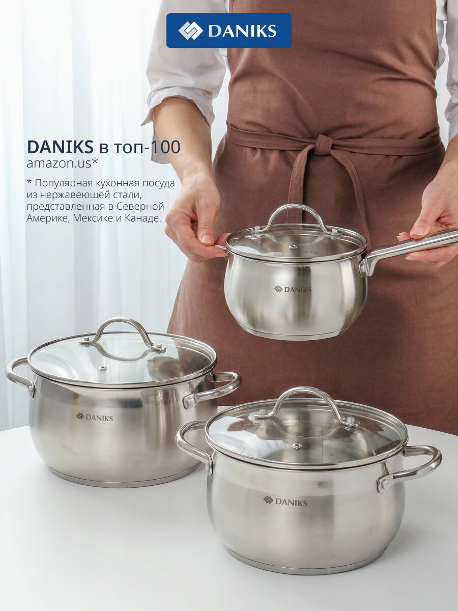 Набор посуды Daniks Эмилия: 6 предметов из нержавеющей стали для индукции и любых плит. Практичное решение для кухни, дачи и подарка.
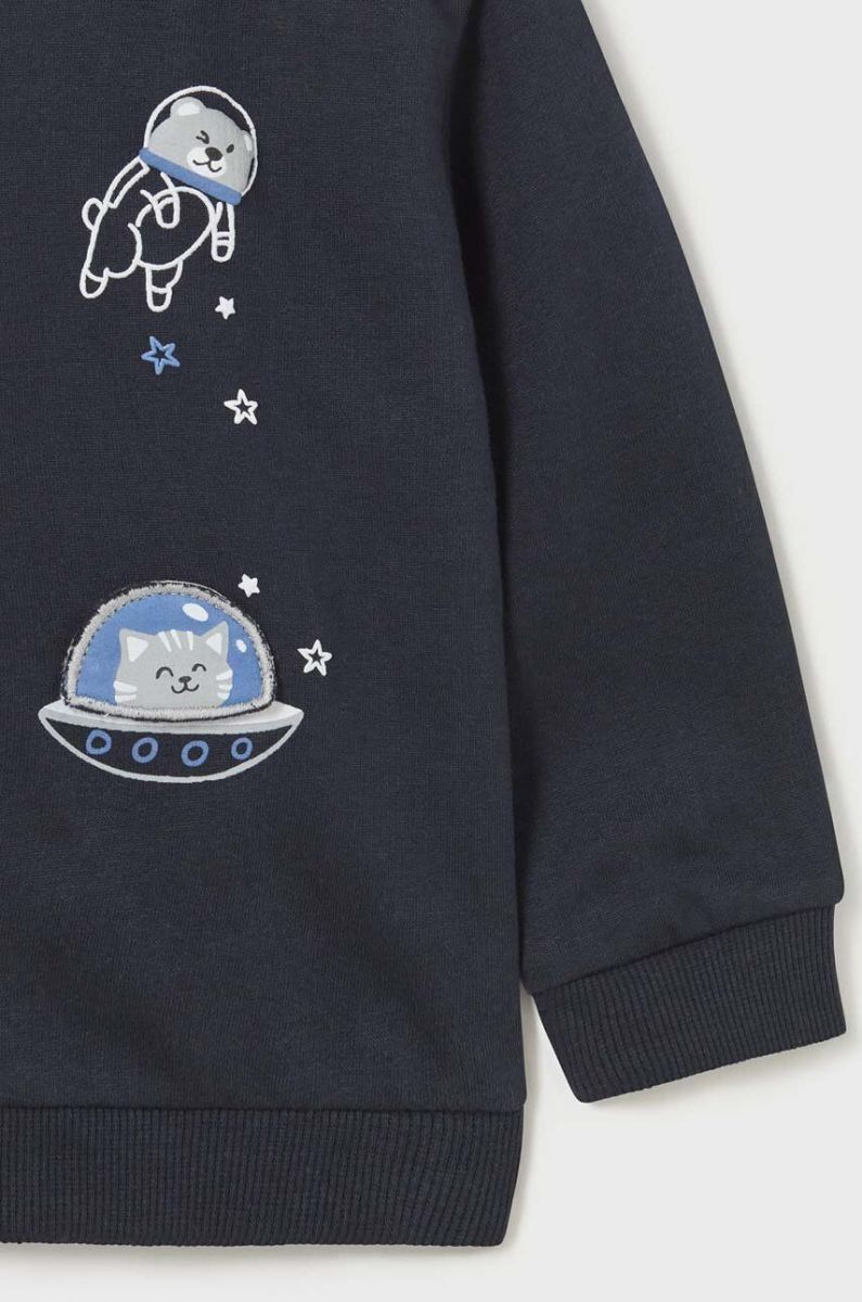 Кофта для немовлят Mayoral колір синій з капюшоном з аплікацією (3418395)
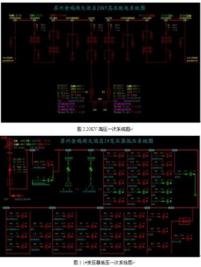 系統(tǒng)具有友好的人機(jī)界面,便于普通的現(xiàn)場(chǎng)值班人員查看并記錄相關(guān)信息,系統(tǒng)一次圖(如圖2、圖3)不僅顯示了線路的開關(guān)狀態(tài),還實(shí)時(shí)顯示電壓、電力、有功電度等重要的電力參數(shù)。所有數(shù)據(jù)信息都定期的保存到數(shù)據(jù)庫中。

◆ Task item ◆
Drop the images and return the data verbatim.

◆ Task response ◆
 Набор посуды Daniks Эмилия: 6 предметов из нержавеющей стали для индукции и любых плит. Практичное решение для кухни, дачи и подарка.
 Кофта для немовлят Mayoral колір синій з капюшоном з аплікацією (3418395)
 系統(tǒng)具有友好的人機(jī)界面,便于普通的現(xiàn)場(chǎng)值班人員查看并記錄相關(guān)信息,系統(tǒng)一次圖(如圖2、圖3)不僅顯示了線路的開關(guān)狀態(tài),還實(shí)時(shí)顯示電壓、電力、有功電度等重要的電力參數(shù)。所有數(shù)據(jù)信息都定期的保存到數(shù)據(jù)庫中。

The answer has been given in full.